(Items listed in a dataset)

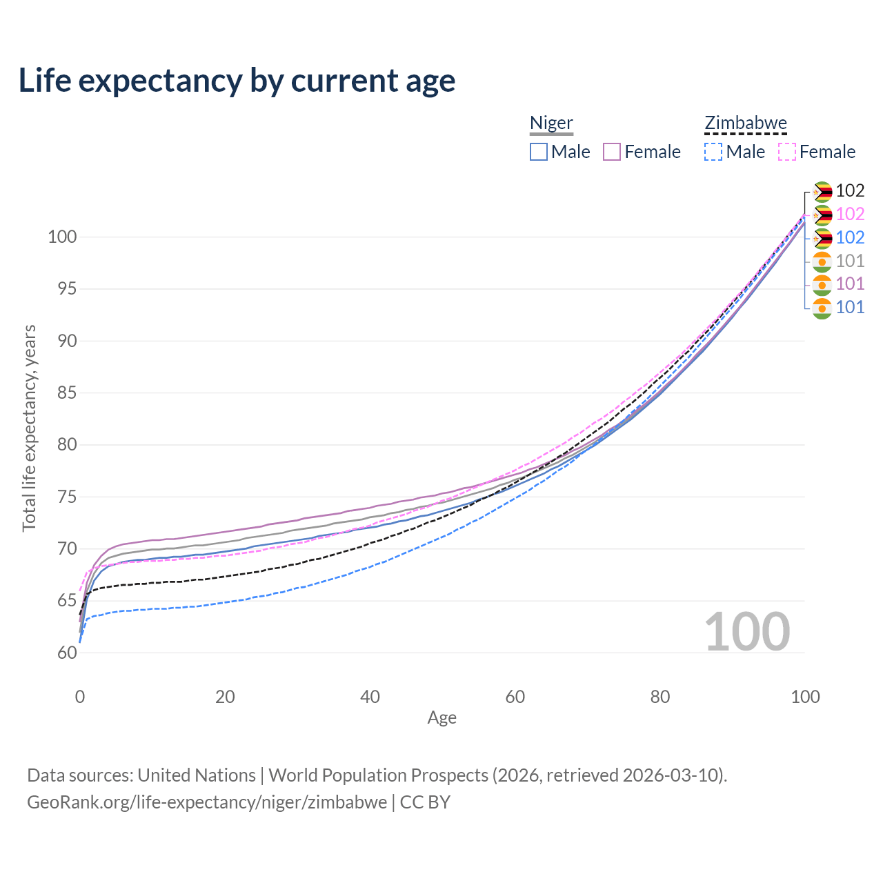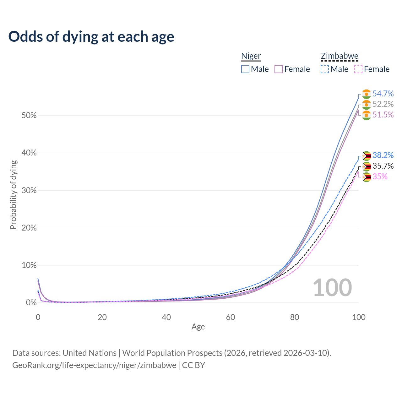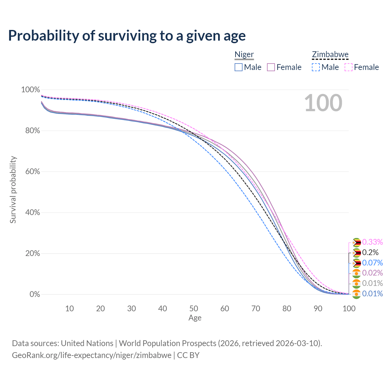 This life expectancy calculator shows the odds of living to 100, 95, 90, and below based on current age for both males and females in Niger and Zimbabwe, along with mean and median age of death. The calculations are based on the 2026 life tables (actuarial tables) from the UN World Population Prospects.
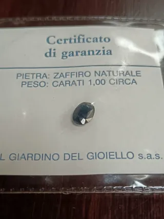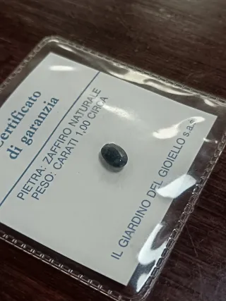 Zaffiro naturale certificato. - Pietra: Zaffiro naturale - Peso: Carati 1,00 circa - Certificato di garanzia
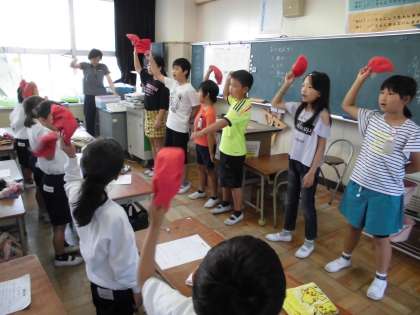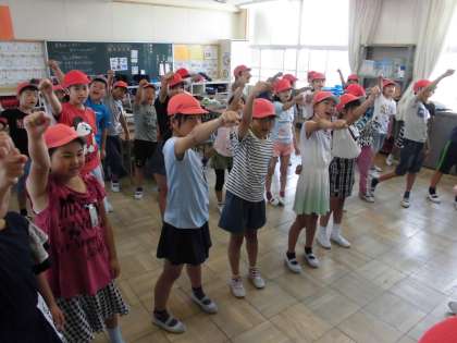 運動会の応援練習が行われています。4〜6年生の応援団の人が各クラスを回って、応援歌や3・3・7拍子の練習をしています。どのクラスからも大きな声が聞こえてきて、運動会への意気込みが感じられます。運動会まであと1週間、みんなで心に残る運動会をつくり上げていきましょう。
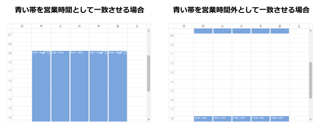 青い帯はあくまでも一致する時間の表現になりますので、青い帯を営業時間として登録しても、営業外の時間として登録しても構いません。それぞれに応じて、適宜一致した時・一致しなかった時の宛先を指定してください。
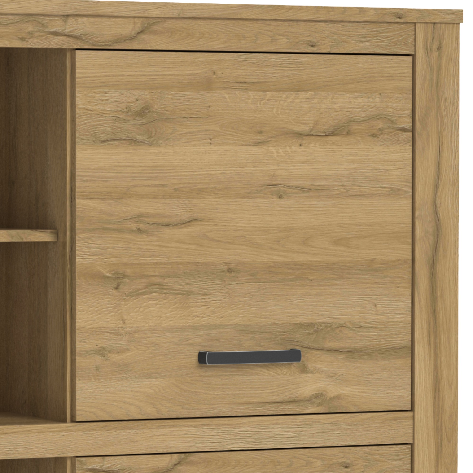 Elegantný regál CUBA zútulní nielen vašu obývaciu izbu, ale aj knižnicu či pracovňu. Je prakticky rozdelený na priestor s otvorenou a uzavretou časťou ponúkajúcou dostatok úložného aj odkladacieho priestoru. Budete tak mať k dispozícii celkom štyri police, z toho za každými dvierkami je schovaná vždy jedna polica. Pre ľahšiu manipuláciu sú dvierka vybavené decentnými rúčkami. Regál je vyrobený z laminovaného materiálu, ktorého povrch sa vyznačuje jednoduchou údržbou. Svojím spracovaním vytvára vzhľad masívneho dreva v dekore duba.

*Problem statement*
Copy exactly the lines that run from the one containing "Zaffiro naturale certificato." to the last line of the records, both included, and leave out every picture.

*Answer space*
 Zaffiro naturale certificato. - Pietra: Zaffiro naturale - Peso: Carati 1,00 circa - Certificato di garanzia
 運動会の応援練習が行われています。4〜6年生の応援団の人が各クラスを回って、応援歌や3・3・7拍子の練習をしています。どのクラスからも大きな声が聞こえてきて、運動会への意気込みが感じられます。運動会まであと1週間、みんなで心に残る運動会をつくり上げていきましょう。
 青い帯はあくまでも一致する時間の表現になりますので、青い帯を営業時間として登録しても、営業外の時間として登録しても構いません。それぞれに応じて、適宜一致した時・一致しなかった時の宛先を指定してください。
 Elegantný regál CUBA zútulní nielen vašu obývaciu izbu, ale aj knižnicu či pracovňu. Je prakticky rozdelený na priestor s otvorenou a uzavretou časťou ponúkajúcou dostatok úložného aj odkladacieho priestoru. Budete tak mať k dispozícii celkom štyri police, z toho za každými dvierkami je schovaná vždy jedna polica. Pre ľahšiu manipuláciu sú dvierka vybavené decentnými rúčkami. Regál je vyrobený z laminovaného materiálu, ktorého povrch sa vyznačuje jednoduchou údržbou. Svojím spracovaním vytvára vzhľad masívneho dreva v dekore duba.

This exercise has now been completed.